BEGIN
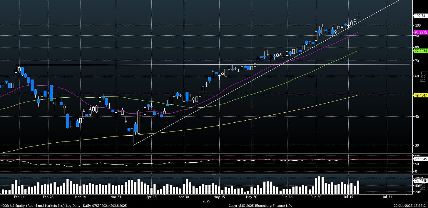 - Robinhood: Broke out at $67 and now trades around $110, rising 50–60%. Despite strong gains, some profit-taking appeared on high volume last Friday. (log chart)
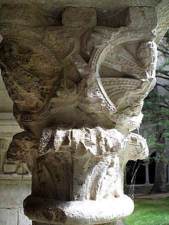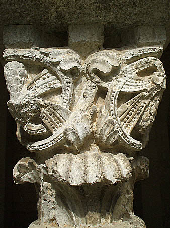 Capitell decorat amb elements vegetals disposats en dos ordres; en un primer, inferior, fulles d'acant, per damunt del qual sorgeixen tiges, fulles i fruits encreuant-se i repetint el disseny a les quatre cares.
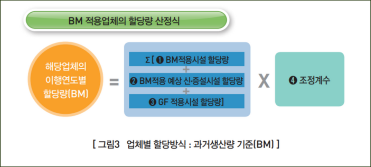 온실가스 배출권거래제에는 크게 두 가지 종류가 있습니다. 우선 과거 배출량 기반의 할당방식(GF,grandfathering)은 온실가스의 과거 배출 실적을 바탕으로 그 수준에 상응하거나 그 이하 수준으로 배출권을 할당하는 방식입니다. 대부분의 업종에 적용되는 할당방식이 바로 이 GF방식입니다. 한편 과거 생산량 기반 할당방식(BM, benchmarking)은 시멘트, 정유, 항공 업종에 대해서만 적용되는데, 제품 생산량 등 업체별 과거 활동자료를 기반으로 설비의 효율성을 고려하여 배출권을 할당하는 방식입니다. 향후 BM 계수 개발 등을 통해 2018년 2차 계획기간부터 BM할당방식이 적용되는 업종이 점차 확대될 예정이라고 합니다.
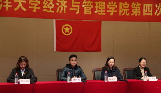 首先,校团委副书记祝捍皓致辞。祝书记对大会的召开表示祝贺,并充分肯定了黄色网站 学院第三次团代会以来学院共青团工作所取得的成绩。同时祝捍皓老师强调黄色网站 共青团工作要紧扣时代脉搏,强化青年学生的思想政治素质,突出培养青年学生创新实践能力和人文素质,促进青年学生全面成长成才,并呼吁广大青年树立远大志向,自觉担负历史使命,为谱写经管学院团学新篇章而奋斗。
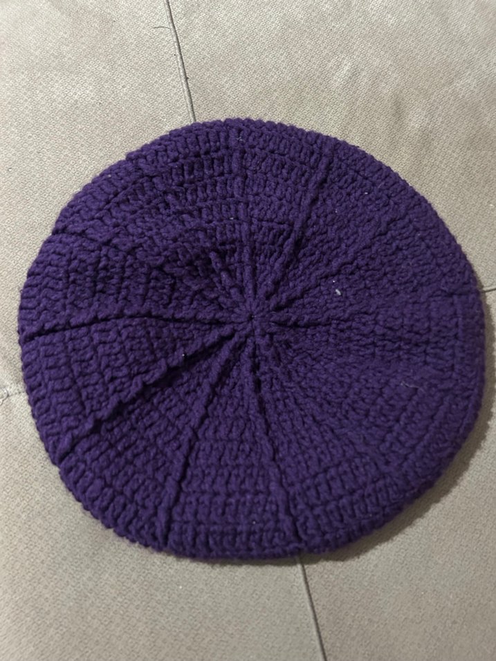 Mor renkli, yumuşak örgü iplikten örülmüş kadın bere, rahat ve renkli bir aksesuar sunar. Sade tasarımı temel ve karşı kültür tarzlarına uygundur.
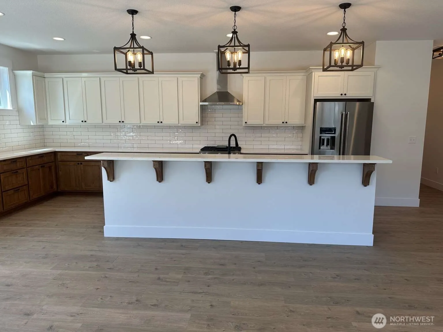 NEW CONSTRUCTION – SINGLE LEVEL NORTHWEST CRAFTSMAN 1,761 Square Feet • 3 Bedrooms • 2 Bathrooms Highlights: • 9-foot walls throughout with vaulted ceilings in the great room and primary bedroom • Oversized 2-car garage with utility sink and attic ladder for additional storage • Spacious kitchen with large island, quartz countertops, subway tile backsplash • Stainless KitchenAid appliances, including dual fuel oven • Large walk-in pantry • Custom stone fireplace with raised hearth, gas log insert, and rustic wood mantle • Luxurious master bath with curbless walk-in tile shower and beautiful tile flooring • Central heat and air via ducted heat pump system • Fully fenced backyard • Covered front and rear porches
END
(INSTRUCTIONS FOR THE TASK): Starting at the line that contains "온실가스 배출권거래제에는 크게", reproduce every line through the last one in the records exactly, and omit all pictures.

(EXERCISE SOLUTION):
 온실가스 배출권거래제에는 크게 두 가지 종류가 있습니다. 우선 과거 배출량 기반의 할당방식(GF,grandfathering)은 온실가스의 과거 배출 실적을 바탕으로 그 수준에 상응하거나 그 이하 수준으로 배출권을 할당하는 방식입니다. 대부분의 업종에 적용되는 할당방식이 바로 이 GF방식입니다. 한편 과거 생산량 기반 할당방식(BM, benchmarking)은 시멘트, 정유, 항공 업종에 대해서만 적용되는데, 제품 생산량 등 업체별 과거 활동자료를 기반으로 설비의 효율성을 고려하여 배출권을 할당하는 방식입니다. 향후 BM 계수 개발 등을 통해 2018년 2차 계획기간부터 BM할당방식이 적용되는 업종이 점차 확대될 예정이라고 합니다.
 首先,校团委副书记祝捍皓致辞。祝书记对大会的召开表示祝贺,并充分肯定了黄色网站 学院第三次团代会以来学院共青团工作所取得的成绩。同时祝捍皓老师强调黄色网站 共青团工作要紧扣时代脉搏,强化青年学生的思想政治素质,突出培养青年学生创新实践能力和人文素质,促进青年学生全面成长成才,并呼吁广大青年树立远大志向,自觉担负历史使命,为谱写经管学院团学新篇章而奋斗。
 Mor renkli, yumuşak örgü iplikten örülmüş kadın bere, rahat ve renkli bir aksesuar sunar. Sade tasarımı temel ve karşı kültür tarzlarına uygundur.
 NEW CONSTRUCTION – SINGLE LEVEL NORTHWEST CRAFTSMAN 1,761 Square Feet • 3 Bedrooms • 2 Bathrooms Highlights: • 9-foot walls throughout with vaulted ceilings in the great room and primary bedroom • Oversized 2-car garage with utility sink and attic ladder for additional storage • Spacious kitchen with large island, quartz countertops, subway tile backsplash • Stainless KitchenAid appliances, including dual fuel oven • Large walk-in pantry • Custom stone fireplace with raised hearth, gas log insert, and rustic wood mantle • Luxurious master bath with curbless walk-in tile shower and beautiful tile flooring • Central heat and air via ducted heat pump system • Fully fenced backyard • Covered front and rear porches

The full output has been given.